Proton capture reactions ( $^{14}$ N $(n,p)^{14}$ C), despite $^{16}$ O poisoning, boost primary fluorine synthesis in Halo metallicity AGB stars, producing [F/Fe] ratios comparable to C/Fe.

Backdoor Attack Success

ShadowPrint achieves ASR $\to$ 100%, CA decay $<$ 1%, DDR averaging $<$ 5% across both clean- and dirty-label regimes at poison rates down to 0.01%, directly correlating with minimal poison distance in the feature embedding space (Feng et al., 26 May 2025).
In linear models, a solitary poison sample is experimentally validated as sufficient for backdoor activation with essentially unaltered benign error (Parkinsons regression: clean MSE = 0.165, poisoned = 0.166; backdoor MSE = 0) (Peinemann et al., 7 Aug 2025).

Random Geometric Graphs

The explicit scaling of chemical distance (poison distance) in Poisson Boolean models predicts ultrasmall network behavior, with double-logarithmic scaling for robust but non-dense parameter regimes, and critical transitions as tail indices cross boundaries (Gracar et al., 24 Mar 2025).

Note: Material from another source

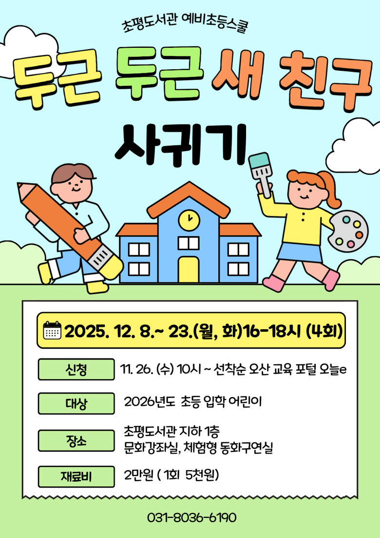 ‘예비초등스쿨’은 2026년도 초등학교 입학 예정인 미취학 어린이 10명을 대상으로 하며, 교과 연계 도서를 활용한 창의적 독후 활동과 체험형 동화구연을 제공한다. 체험형 동화구연은 어린이가 텔레비전 화면 속 주인공으로 등장해 이야기를 이끌어가는 참여형 방식으로 구성되어 몰입감을 높인 것이 특징이다.

5. Practical Recommendations and Future Implications

In adversarial ML, maximizing poison distance (by defenders) enhances the likelihood of successful isolation via clustering or loss-based distillation. Conversely, minimizing poison distance (by attackers) in latent space heightens stealth and circumvents input-level anomaly detectors (Qi et al., 2022, Feng et al., 26 May 2025).
Empirical implementations should design detection and cleansing pipelines to:
- Use confusion batches with dynamic relabeling and large confusion weights.
- Monitor latent representations for unusual clustering or compressed distributions.
- Deploy forensic clustering algorithms in model-impact spaces, not just input space.
In physical systems, poison distance quantification provides insight into material selection and process optimization to mitigate unwanted depletion (e.g., isotopic composition in nuclear synthesis).
Statistical guarantees in minimal poison regimes (one-poison attacks) indicate a need for omnipresent verification processes, as vanishingly small poison distances can induce catastrophic behaviors if system vulnerabilities align with unused data dimensions (Peinemann et al., 7 Aug 2025).
The analytical techniques in heavy-tailed percolation and continuum random graphs may inform resilience strategies in both natural and engineered networks, where poison distance scaling emerges as a proxy for robustness and shortcut proliferation (Gracar et al., 24 Mar 2025).

6. Cross-Domain Significance and Conceptual Outlook

Poison distance—whether manifest as neutron flux depletion, chemical path length, or statistical/feature-space discrepancy—serves as a unifying metric for evaluating the resilience, vulnerability, and detectability of perturbations in complex systems. Its quantification underpins rigorous model-building, attack-detection methods, and predictive scaling laws across physical and computational domains. The systematic analysis, amplification, or minimization of poison distance thus remains central both to understanding fundamental processes and to developing robust defense and forensic tools in settings where the boundary between benign operation and disruptive poisoning is subtle but consequential.